POSTED: May 7, 2014 12:00 a.m.

Despite a planning commission vote a few weeks ago, protests from residents in recent days and speeches Tuesday night from taxpayers in opposition, Gainesville City Council approved a rezoning request that will allow redevelopment of the Lanier Plaza shopping center on Thompson Bridge Road to proceed. 

“Irrespective of this development ... I think this zoning needs to be cleaned up,” Councilman Sam Couvillon said. 

A second reading and final approval will be made when the council meets May 20. 

Polestar LLC, a subsidiary of Tennessee-based developer Hutton, plans to demolish the existing shopping center and build a 42,000-square-foot grocery store and an accompanying 12-pump fueling station. 

Built in 1983, part of the shopping center had been zoned for residential use, perhaps as a buffer between the businesses operating there and the adjacent apartment complex and residential neighborhood. 

City planning staff, however, insisted the original zoning was a mistake, and council members repeatedly said they were voting only on whether to clean up the zoning boundaries so the property “conforms” with existing uses. 

“That’s all we’re here to do,” Mayor Danny Dunagan said. 

But the fact remains that Polestar needed the rezoning to be approved before it could proceed with purchasing and redeveloping the property.
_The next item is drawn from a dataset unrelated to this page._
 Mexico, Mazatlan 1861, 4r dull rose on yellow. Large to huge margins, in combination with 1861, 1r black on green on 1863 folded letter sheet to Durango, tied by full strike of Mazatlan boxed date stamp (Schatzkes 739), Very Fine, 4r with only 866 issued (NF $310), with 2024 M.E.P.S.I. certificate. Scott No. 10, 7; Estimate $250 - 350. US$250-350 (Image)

Otherwise, the deal would be off. 

And that deal stands to be a lucrative one if the developer’s calculations are true. 
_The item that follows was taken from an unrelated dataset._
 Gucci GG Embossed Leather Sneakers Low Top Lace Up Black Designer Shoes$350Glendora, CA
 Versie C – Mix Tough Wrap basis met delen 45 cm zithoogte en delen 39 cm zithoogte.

Steve Gilliam, a Gainesville attorney representing Polestar, said the redevelopment would have a $10 million to $12 million economic impact on the city. 

“It’s common sense as to what you should do,” Gilliam told the council. 
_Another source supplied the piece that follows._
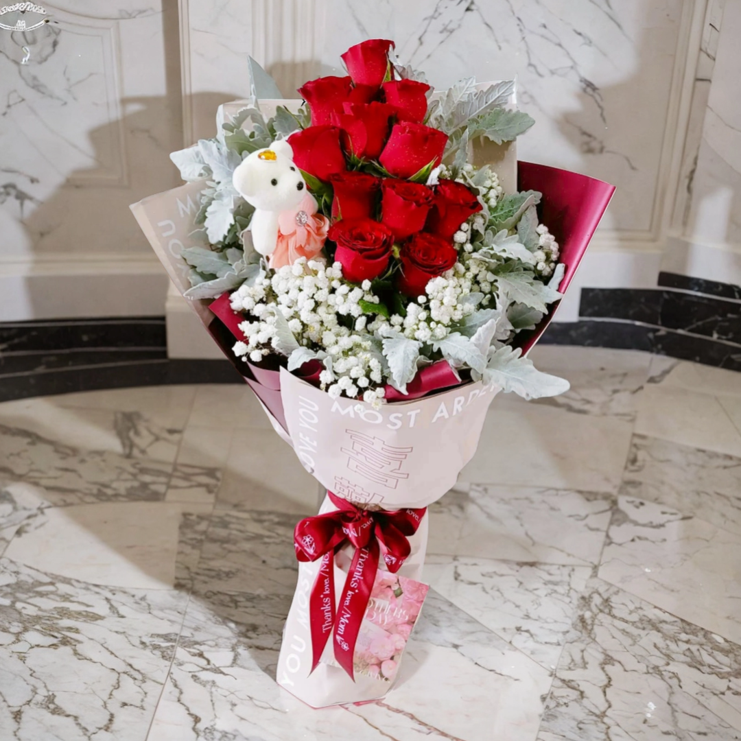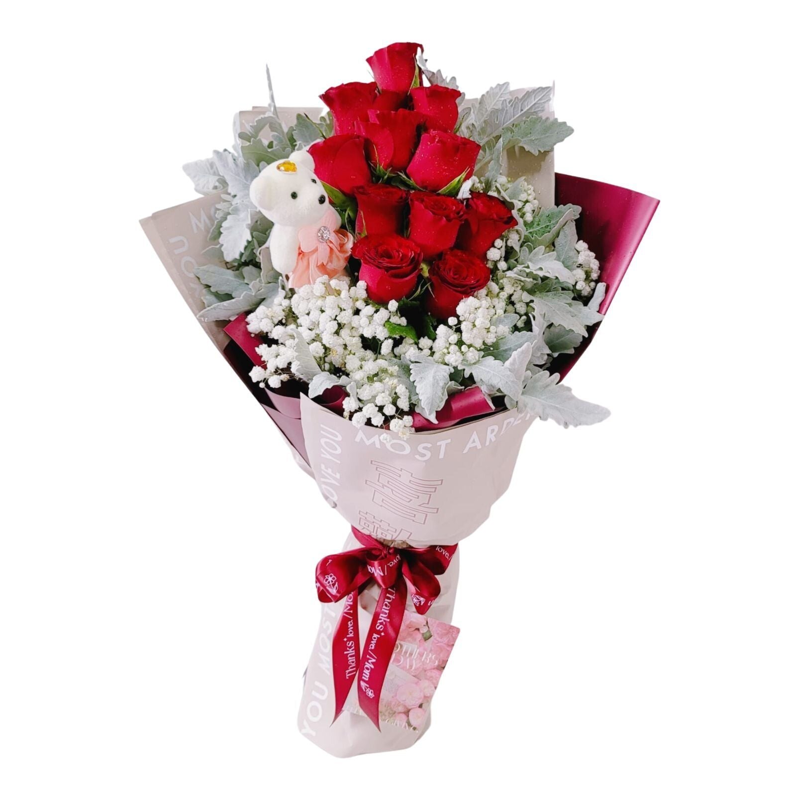 格蘭花店 - 鮮花花束 (玫瑰12支、滿天星、銀葉菊) [GF00126]

For weeks, residents have objected to plans to redevelop Lanier Plaza, citing concerns about the impact it would have on traffic, property values and quality of life. 

Those concerns resonated with the Gainesville Planning and Appeals Board, which voted 4-2 on April 22 to recommend denial of the rezoning. 

Moreover, residents united with business owners in the shopping center — which houses the Lanier Laundromat, Sun Spa, United Custom Electronix, El Sombrero Mexican restaurant and Bodyplex Fitness — to rally community opposition. 

“We have no intentions of going anywhere,” said Abb Hayes, an attorney representing the owners of El Sombrero. 

Hayes said the restaurant still has a lease signed through the end of the year and options to renew going forward. He decried assertions from the developer that the tenants’ rights should be decided in court, adding the restaurant owners would not bow to such “threats.” 

But on Tuesday, the basis for opposition seemed to have shifted as residents became aware they were losing the fight despite having numbers on their side. 

Several dozen residents announced their presence when asked by city officials to stand if they were in opposition to the rezoning. No one other than the developers spoke in favor of the matter. 

Residents began questioning the integrity of the process, expressing skepticism about why the rezoning was “fast-tracked” by the city and asking whether the council was more interested in tax dollars or the welfare of the community. 

“Who is this good for?” Everett Roseberry asked rhetorically. 

In addition, residents repeated their desire to know who the owner of the grocery store will be. Speculation has been rampant that Wal-Mart is moving in, but developers once again said they could not disclose their client. 

Councilwoman Ruth Bruner, however, let the proverbial cat out of the bag when she repeatedly referred to the proposed grocery store as the “marketplace,” a reference to a Wal-Mart-owned business. 

The council voted 4-0 to approve the rezoning, with Councilwoman Myrtle Figueras absent from the proceedings.